===== Source data =====
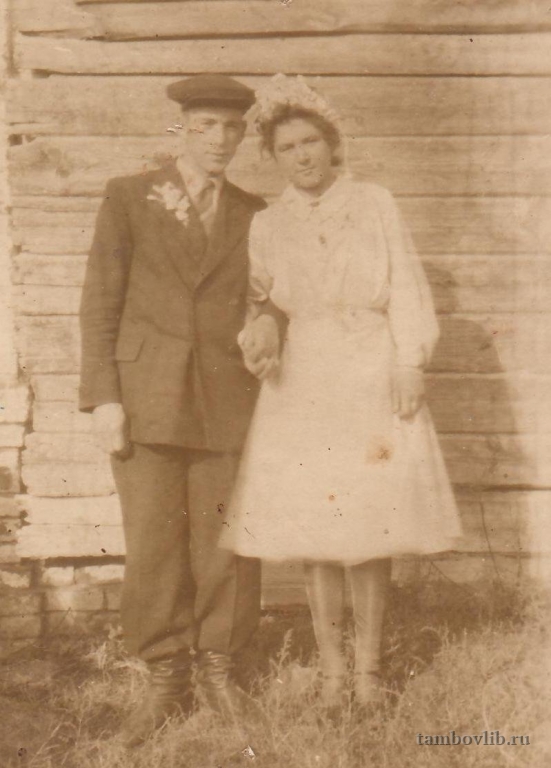 Графские, Екатерина Филипповна и Александр Васильевич, в день своей свадьбы, 18 октября 1947 года.
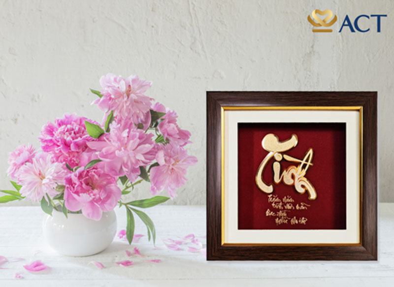 Tranh Chữ Tình Dát Vàng
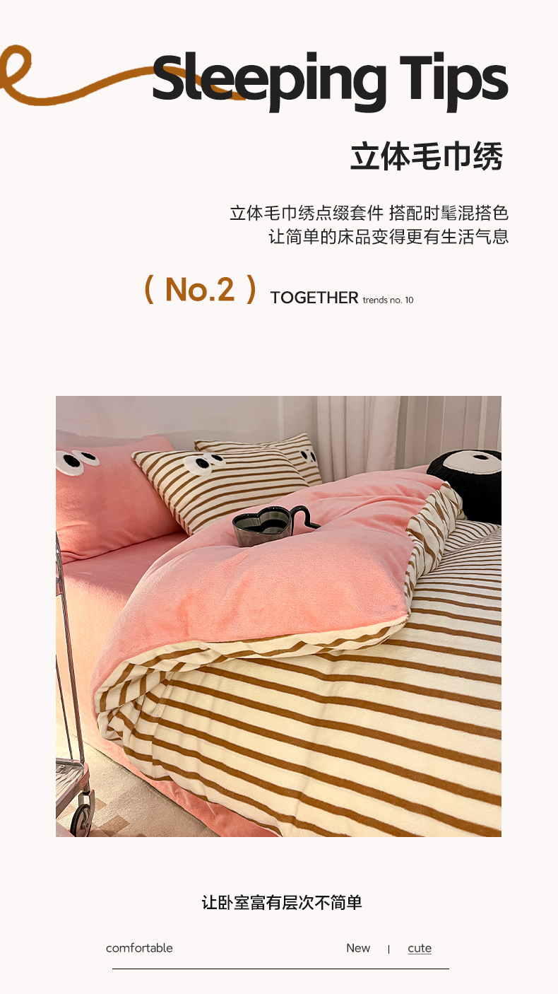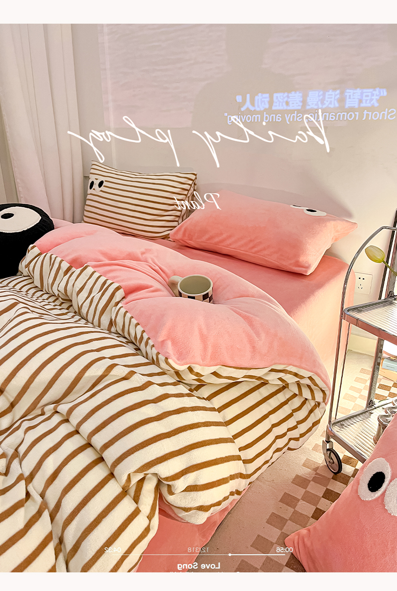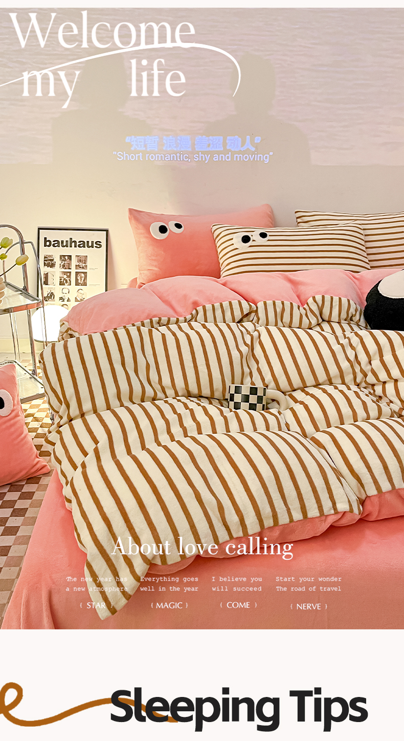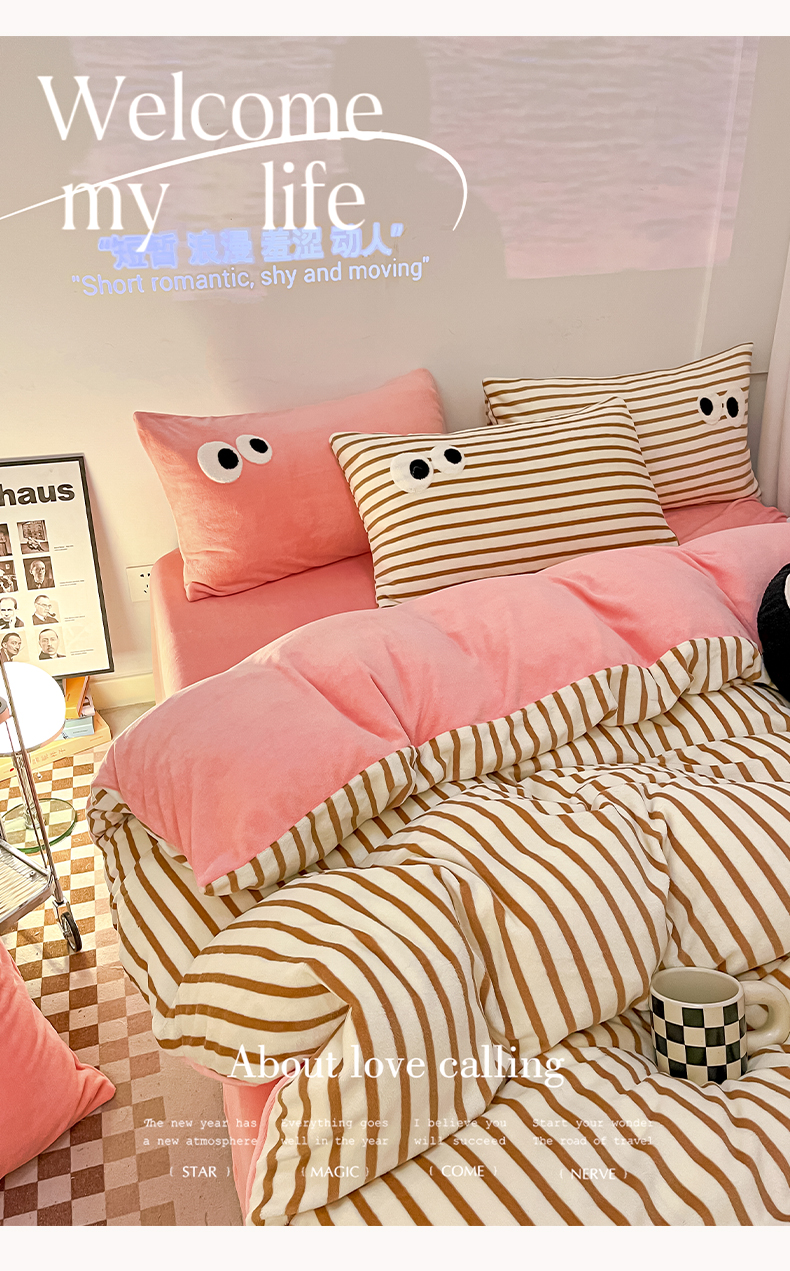 商品名称:如一 2023新款大眼萌条纹牛奶绒四件套 大眼萌-咖
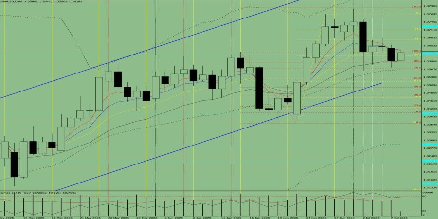 Альтернативный сценарий: цена от уровня 1.3597 (закрытие вчерашней дневной свечи), может начать движение вверх, с целью 1.3638 – 8 средняя ЕМА (синяя тонкая линия). При тестировании этой линии цена, возможно, начнёт движение вниз, с целью тестирования откатного уровня 61.8% – 1.3531 (красная пунктирная линия).
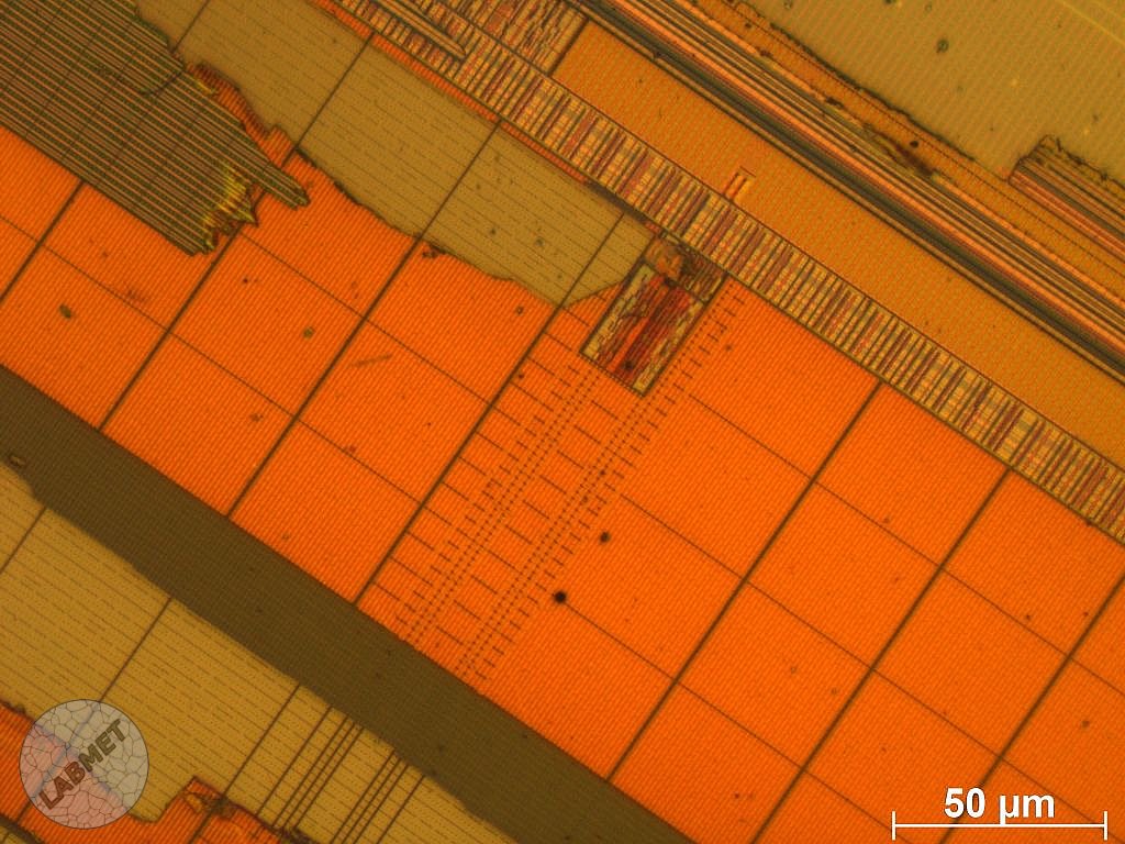 Struktura litografii fragmentów rdzenia procesora Intel Corei5 3470 widoczna w zakresie powiększeń możliwych do uzyskania przez mikroskop optyczny. Procesor wykonany jest w litografii 22 nm co jest poniżej możliwości obserwacyjnych w zakresie mikroskopii optycznej (zbyt mała rozdzielczość). Na przedstawionych mikrofotografiach widoczne są bloki lub poszczególne układy procesora a nie pojedyncze elementy elektroniczne lub ścieżki. Widoczne na mikrofotografiach rozwarstwienia i inne uszkodzenia litografii jest to efekt mechanicznego wyłamania fragmentów krzemowego podłoża z obudowy procesowa. Obserwacje prowadzono na wyłamanych fragmentach krzemowego rdzenia.
=====
**What you should do**: Set down all of the entries exactly. Leave the pictures out.

**Exercise answer**:
 Графские, Екатерина Филипповна и Александр Васильевич, в день своей свадьбы, 18 октября 1947 года.
 Tranh Chữ Tình Dát Vàng
 商品名称:如一 2023新款大眼萌条纹牛奶绒四件套 大眼萌-咖
 Альтернативный сценарий: цена от уровня 1.3597 (закрытие вчерашней дневной свечи), может начать движение вверх, с целью 1.3638 – 8 средняя ЕМА (синяя тонкая линия). При тестировании этой линии цена, возможно, начнёт движение вниз, с целью тестирования откатного уровня 61.8% – 1.3531 (красная пунктирная линия).
 Struktura litografii fragmentów rdzenia procesora Intel Corei5 3470 widoczna w zakresie powiększeń możliwych do uzyskania przez mikroskop optyczny. Procesor wykonany jest w litografii 22 nm co jest poniżej możliwości obserwacyjnych w zakresie mikroskopii optycznej (zbyt mała rozdzielczość). Na przedstawionych mikrofotografiach widoczne są bloki lub poszczególne układy procesora a nie pojedyncze elementy elektroniczne lub ścieżki. Widoczne na mikrofotografiach rozwarstwienia i inne uszkodzenia litografii jest to efekt mechanicznego wyłamania fragmentów krzemowego podłoża z obudowy procesowa. Obserwacje prowadzono na wyłamanych fragmentach krzemowego rdzenia.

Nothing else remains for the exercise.